When in the home ensure that you watch them and do not leave puppy alone with your bulldog unattended. Watch for signals that the Bulldog has had enough and take puppy off to it's play area or crate/bed so both can have time away from each other to do their own things.

Make sure you give the bulldog lots of fuss and attention and reassurance. The resident dog can feel threatened by newcomers or jealous etc....

Make sure that you give the bulldog time away from the puppy so that she has some where she can go to rest and relax.

We are holding a puppy question and answer session on our clubs face book page this Thursday between 7-9 p.m where we have our ADPT trainer and behaviourist answering questions, as we have a few new puppy owners and thought this would be good time to answer questions relating to puppies.

You do have to be a member of our club which is free- just click on the link in my signature and then go to cockapoo Owners club on FB and request to join.

Hope you can join us


----------



## emmelg (Mar 4, 2012)

Thankyou both for your great advice

I have a pup cage and was thinking of putting the pup in his bed in the cage bring Layla my bulldog into the room and let her have a look/sniff around him,if she's ok with after half an hour or so take the pup out of the cage while layla is on her lead and slowly take the pup to her, i'm hoping all will run smoothly as she is a lovely dog, she is just not used to being around other dogs, i have new toys and treats for her for her reward 

Thankyou also for your invite to the facebook page, i dont have an account at the minute but i'l think about setting one up.

Thanks again 
Leanne


----------



## Jukee Doodles (Apr 5, 2011)

Yes Shirley's advise on the initial introductions is perfect.

There is also The Cockapoo Club of GB's site to take a look at - as well as their member's only forum too - and there are several people on there (as well as on ILMC too X) who have first hand experience of introducing a puppy to an existing family pet (dogs, cats and even rabbits !!!).

The key - is controlled meetings first to gauge how they react.

Stephen x


----------



## M&M's mummy (Jul 12, 2011)

Changing the subject- I love bulldogs- could you post a picture of her 

A friend of mine used to own them ( has had 3 ) sadly now all gone to the bridge and through her and her dogs I really grew to love them.


----------



## emmelg (Mar 4, 2012)

M&M's mummy said:


> Changing the subject- I love bulldogs- could you post a picture of her
> 
> A friend of mine used to own them ( has had 3 ) sadly now all gone to the bridge and through her and her dogs I really grew to love them.


Hi yes i will try and put one on a little later when i upload some of my new pup, he will be here shortly, hopefully i may be able to get the two together if all goes well with the introduction (fingers crossed).


----------



## DONNA (Jan 7, 2011)

We have a dog walker who walks around 7 dogs in the field near us one being a bulldog who Buddy loves ,the guy said the bulldog hardly ever runs but when Buddys about they are running and play fighting all the time they love seeing each other.


----------



## Bertie Brown (Aug 12, 2011)

I was just wondering what prompted you to get another dog if your current dog doesn't like dogs?


----------



## MillieDog (Jun 1, 2011)

Did you speak to the breeder about introducing the puppy to your current dog.
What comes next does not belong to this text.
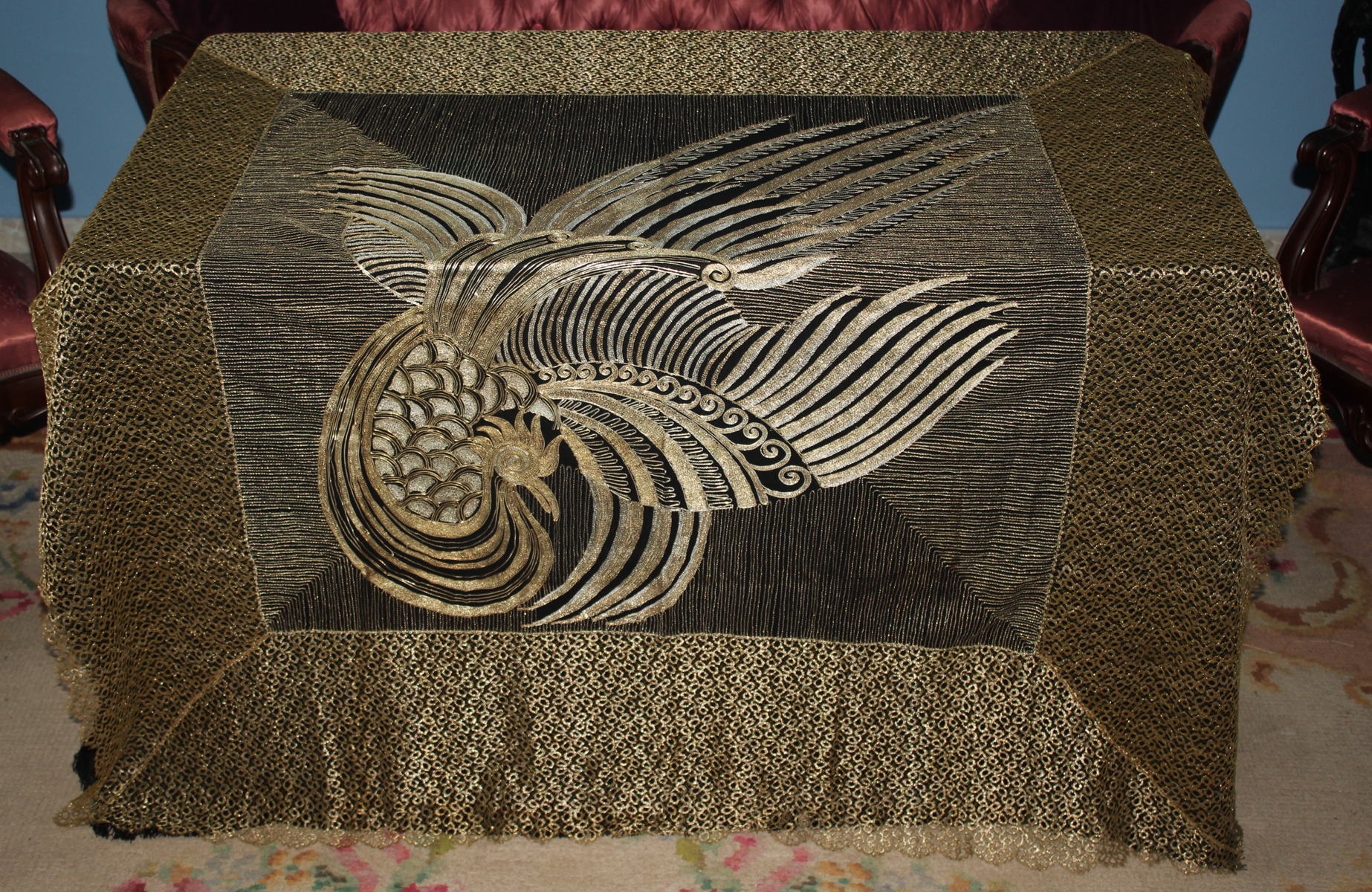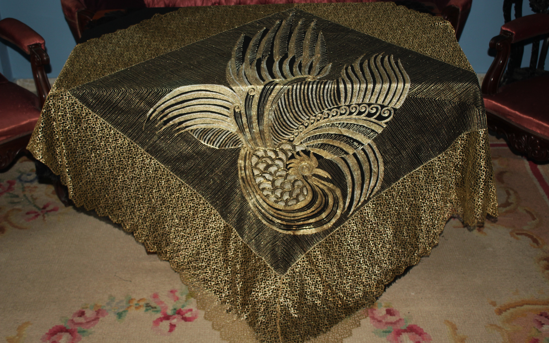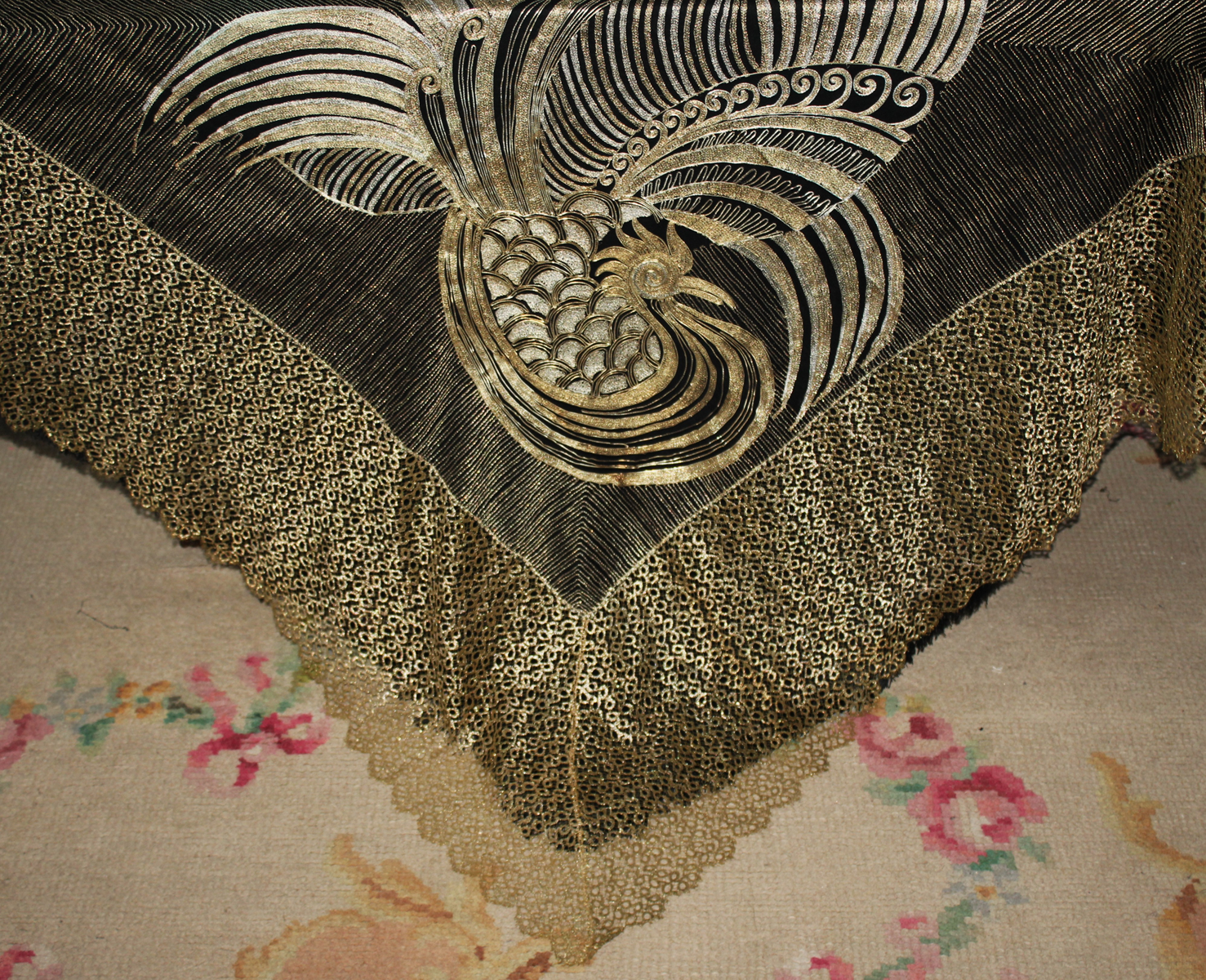 El diseño magnífico y muy conseguido con la utilización de los diferentes tonos de los hilos de oro y de los de plata,. Una obra de arte y refinamiento. De buen gusto. Medidas 130 cm por 130 cm. Pieza de colección y muy rara.

I feel quite anxious, please let us know how you get on over the coming weeks.


----------



## emmelg (Mar 4, 2012)

DONNA said:


> We have a dog walker who walks around 7 dogs in the field near us one being a bulldog who Buddy loves ,the guy said the bulldog hardly ever runs but when Buddys about they are running and play fighting all the time they love seeing each other.


 Sorry only just seen these posts...

Layla used to only run when playing in the garden and only for a couple of mins as she gets tired really easily, but since having bailey she runs around the garden with him for alot longer(chasing each other playing etc..
I can only assume that this will do her good as bulldogs do tend to tire alot quicker than other dogs when out walking.(and sleep alot more too)

Sorry clare, one of the reasons i was after getting another dog was to keep layla company,(i know that may sound mad but i knew deep down that she would be fine with him (as she is a little softy at heart) it was just the initial meeting that worried me, (looking back now i dont think the aggression with other dogs was because she didn't like them but because she was afraid of them) you will see by my other posts that all turned out well, they are now like bossom buddies


----------